Maka Prof Irwan Abdullah, Guru Besar dari UGM Yogyakarta, dalam konteks meningkatkan partisipasi perempuan di dunia politik, perlu membongkar konstruksi budaya patriarkhis antara lain bisa dilakukan dengan Pendidikan Negarawan bagi kaum perempuan secara intensif dan terencana agar siap menjadi pemimpin. Menurutnya, ketidakhadiran kaum perempuan secara memadai dalam ruang politik merupakan pengingkaran terhadap fakta historis yang mencatat bahwa pemimpin masa lalu di berbagai kerajaan dan tempat adalah kaum perempuan dan bahkan diyakini kepemimpinan perempuan menjadi model suatu sistem pemerintahan.

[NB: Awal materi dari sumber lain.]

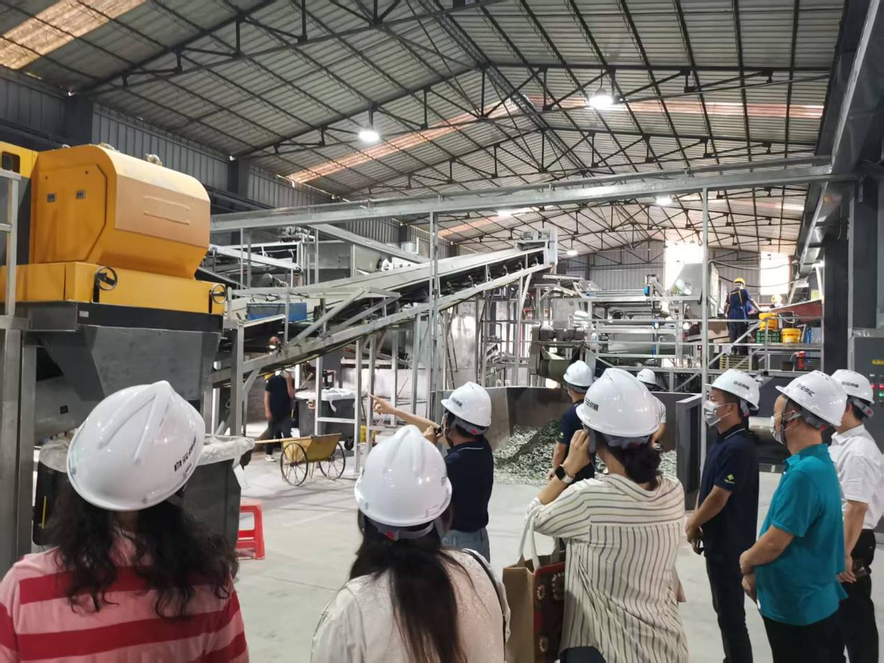 调研组首站抵达白云区玻璃回收处理中心,深入了解其生产运营情况,考察其“回收—分拣—处理—再利用”全流程标准化作业模式。该中心通过机械化设备提升玻璃破碎、分选效率,配套分类存储区域实现资源高效流转,其“企业化运营+专业化管理”的机制为再生资源处理提供了可复制的操作范式。随后前往嘉禾街杨村园“两网融合”示范点,重点学习如何通过再生资源回收网络与环卫清运系统的衔接,实现“前端源头投放、中端收运、末端处置利用”三个环节深度融合,提高再生资源精细化利用运营成效。同时,调研组与白云区供销联社相关部门负责同志在现场对各自开展安全生产管理的经验进行了充分交流。

Hal ini bisa dilihat pada konsistensi Ratu Syima dari Kerajaan Kalingga yang dikenal sebagai penegak hukum (law inforcement) yang tegas dan juga Ratu Kalinyamat dari keturunan Kesultanan Demak yang secara heroik memimpin pasukan menyerbu penjajah Portugis di Malaka.  

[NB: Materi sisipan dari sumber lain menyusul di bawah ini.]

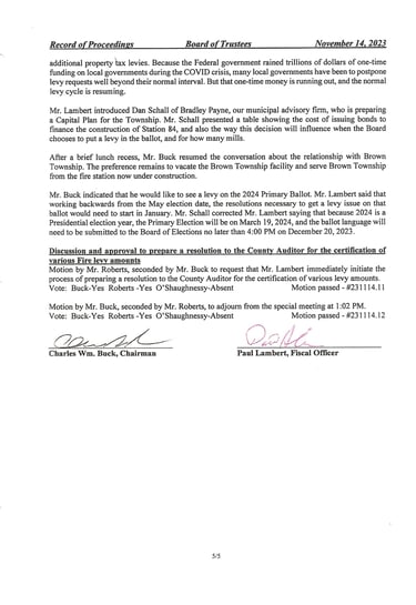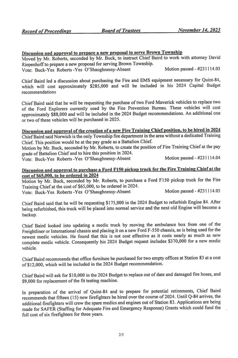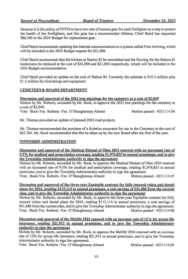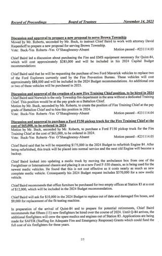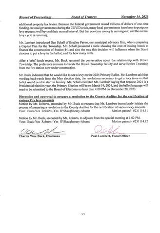 Norwich Township Special Meeting November 14, 2023:

Hal ini juga diamini oleh pembicara ketiga, Dra. Jauharatul Farida, M.Ag., dari aktivis gender dari UIN Walisongo Semarang. Secara khusus beliau memprihatinkan atas problematika bias gender yang sering terjadi dalam keluarga. Kesadaran keluarga sebagai madrasah pertama harus selalu dikembangkan dengan perspektif gender. Lebih jauh terkait hal ini, Nur Said MA, yang juga konsen pada filsafat budaya menambahkan bahwa adigium Jawa bahwa perempuan sebagai konco wingking, atau suargo nunut neraka katut perlu dimaknai ulang. Falsafah Jawa tersebut bukan berarti tidak relevan, tetapi pemaknaannya perlu ditafsir ulang dan perlu dilihat konteksnya. Bisa saja hal itu sebagai wujud kesetiaan puncak yang harus dimiliki oleh setiap pasangan agar harmoni terbangun selama hayat masih di kandung badan. Dalam kultur Jawa juga sering menekankan pentingnya saling mengalah; dari kata Ngallah=NgAllah, yaitu landasi hidup bersama sebagai wujud cinta kepada Allah dalam hidup berumah tangga.

Maka, ketiga pembicara sepakat pentingnya menyemaikan spiritualisme dalam keluarga yang sensitif gender. Artinya ketika ruang untuk berkiprah di dunia publik terbuka luas bagi perempuan, urusan keluarga tidak bisa diabaikan begitu saja agar tidak mengalami disorientasi hidup. Pendidikan keluarga adalah tiang negara. Dari pendidikan keluarga lalu ditindaklanjuti dengan pendidikan negarawan yang sistemik, diharapkan akan terlahir generasi yang mampu memimpin secara etik (baik) dan estetik (elok) sebagaimana diimpikan oleh Plato dalam magnum opusnya Republic

Seminar ini juga dimeriahkan dengan 22 paper pendukung dari peserta yang dipresentasi pada siang harinya. Tradisi akademik seperti ini merupakan tahun kedua dan akan selalu dikembangkan seiring dengan isu-isu terkini sebagai wujud kepekaan para akademisi atas isu-isu aktual terutama terkait gerakan ketidakadilan gender yang membutuhkan solusi cepat dan tepat dengan spirit Islam tentunya. Selamat bergabung pada forum harmoni gender di PSG STAIN Kudus tahun depan.